■ Given data
====

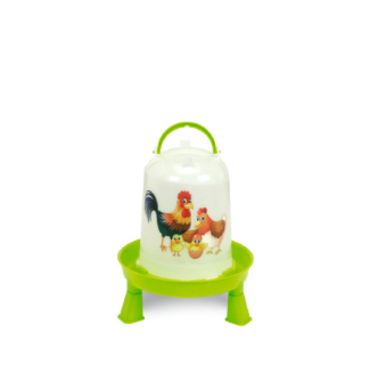 Napáječka pro slepice, drůbež 5 l GAUN závěsná s nožičkami HAPPY RANGE. Napáječka sbajonetovým uzávěrem - plastová napáječka závěsná pro kuřata, slepice, krůty, husy, kachny a další drůbež z odolného plastu - polypropylen, snadno se čistí.Napáječka se skládá ze čtyř dílů: napájecí miska, 3 nožičky, zásobní klobouk, ucho na zavěšení
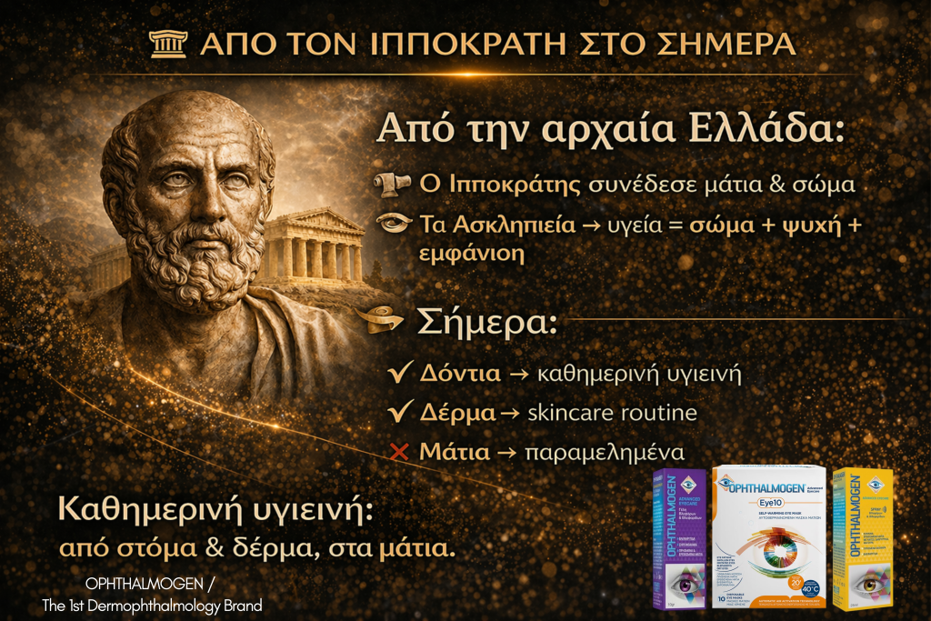 Οι αρχαίοι Έλληνες συνέδεσαν την υγεία με την αρμονία σώματος και πνεύματος. Ο Ιπποκράτης μιλούσε για «ρινικά κακά» που επηρεάζουν τα μάτια, ενώ στα Ασκληπιεία η φροντίδα της υγείας ήταν πάντα συνδεδεμένη με την αισθητική και την ψυχή.
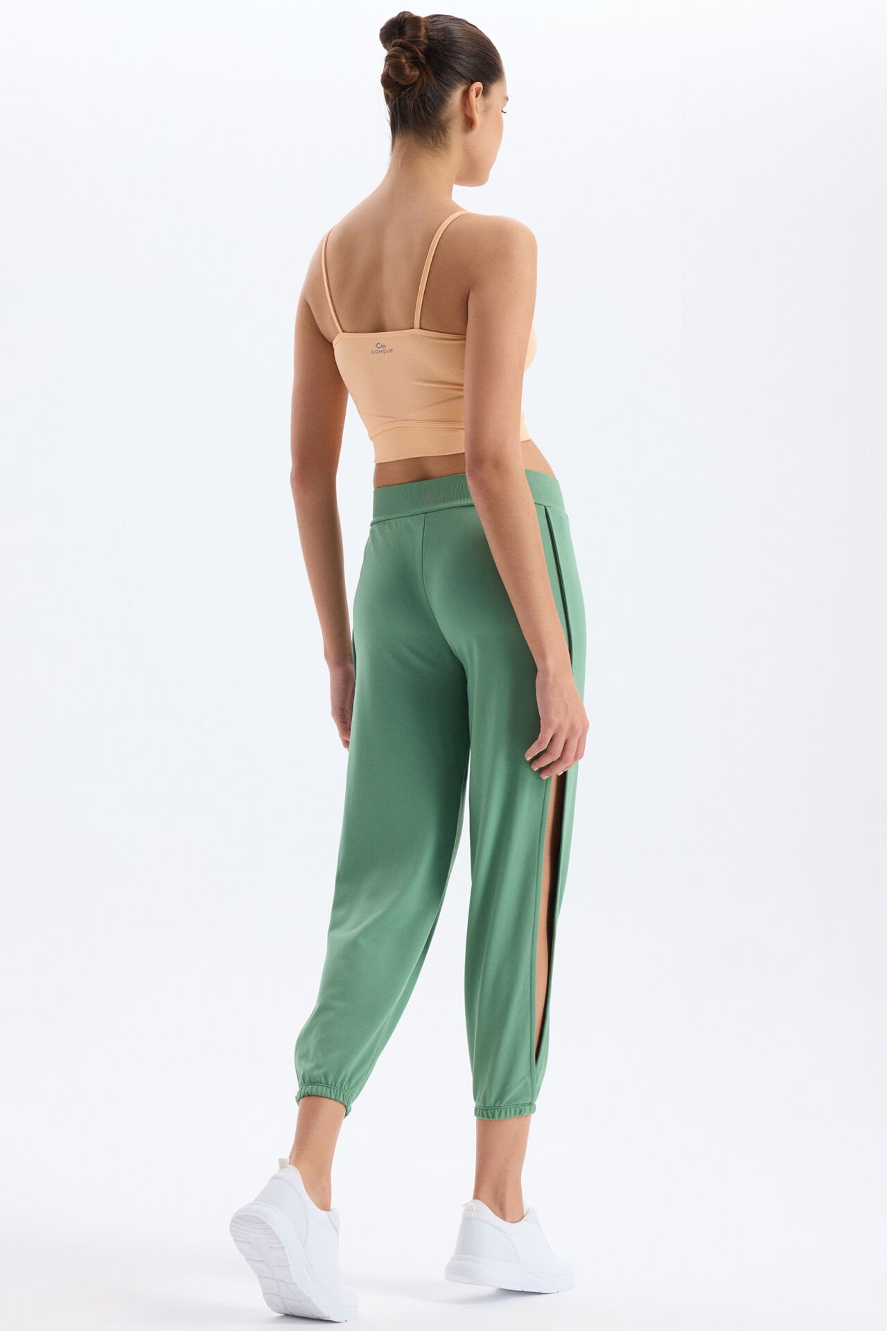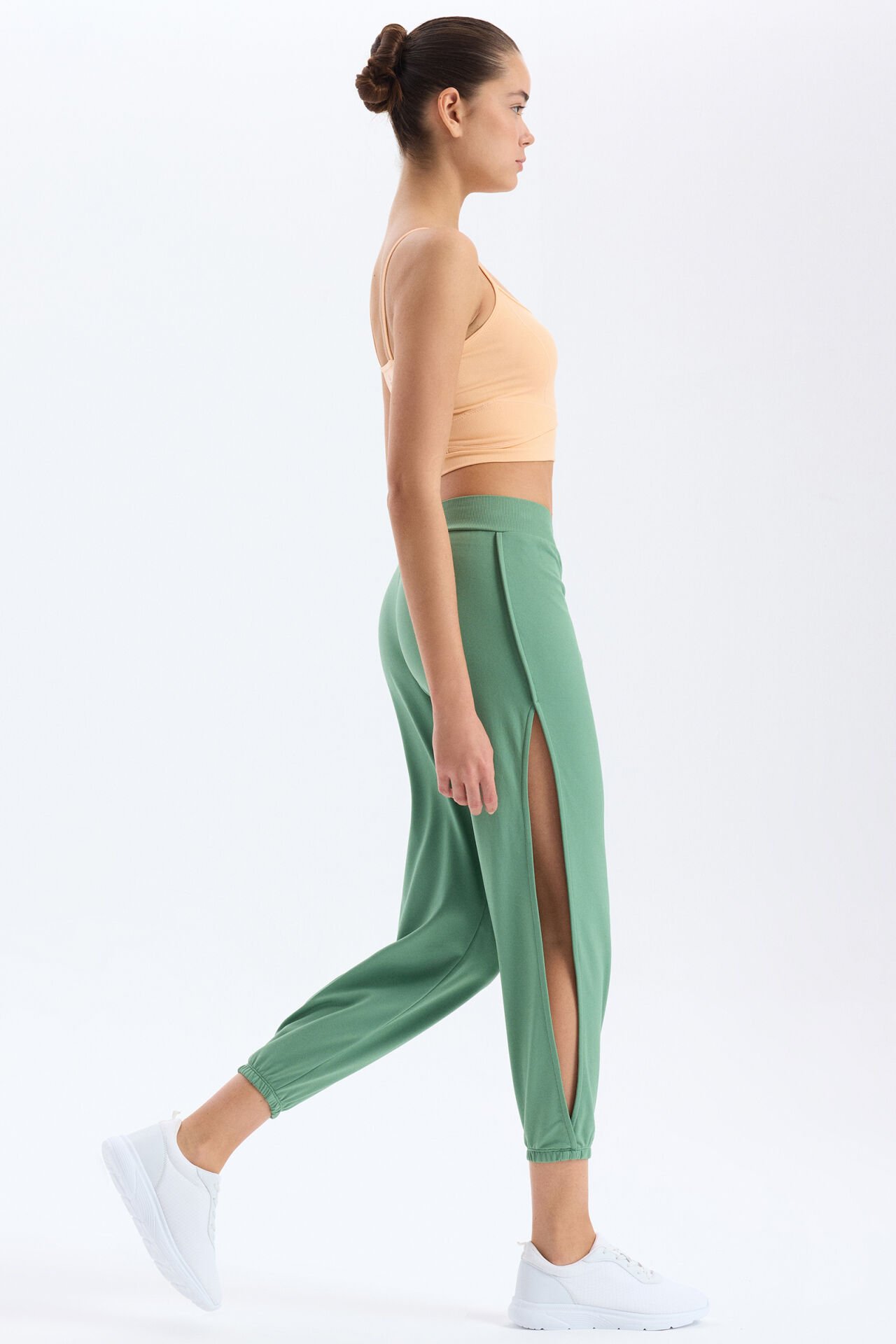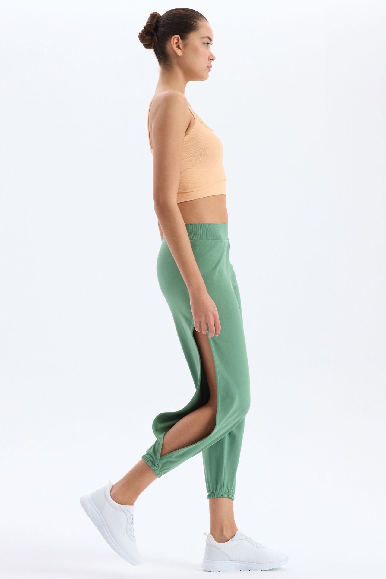 Paça Lastikli Yanları Yırtmaçlı Pantolon Çağla

====

■ What you will do
Pictures aside, reproduce exactly the lines from the one containing "Οι αρχαίοι Έλληνες" to the end of the listing above, both ends included.

■ Answer box
 Οι αρχαίοι Έλληνες συνέδεσαν την υγεία με την αρμονία σώματος και πνεύματος. Ο Ιπποκράτης μιλούσε για «ρινικά κακά» που επηρεάζουν τα μάτια, ενώ στα Ασκληπιεία η φροντίδα της υγείας ήταν πάντα συνδεδεμένη με την αισθητική και την ψυχή.
 Paça Lastikli Yanları Yırtmaçlı Pantolon Çağla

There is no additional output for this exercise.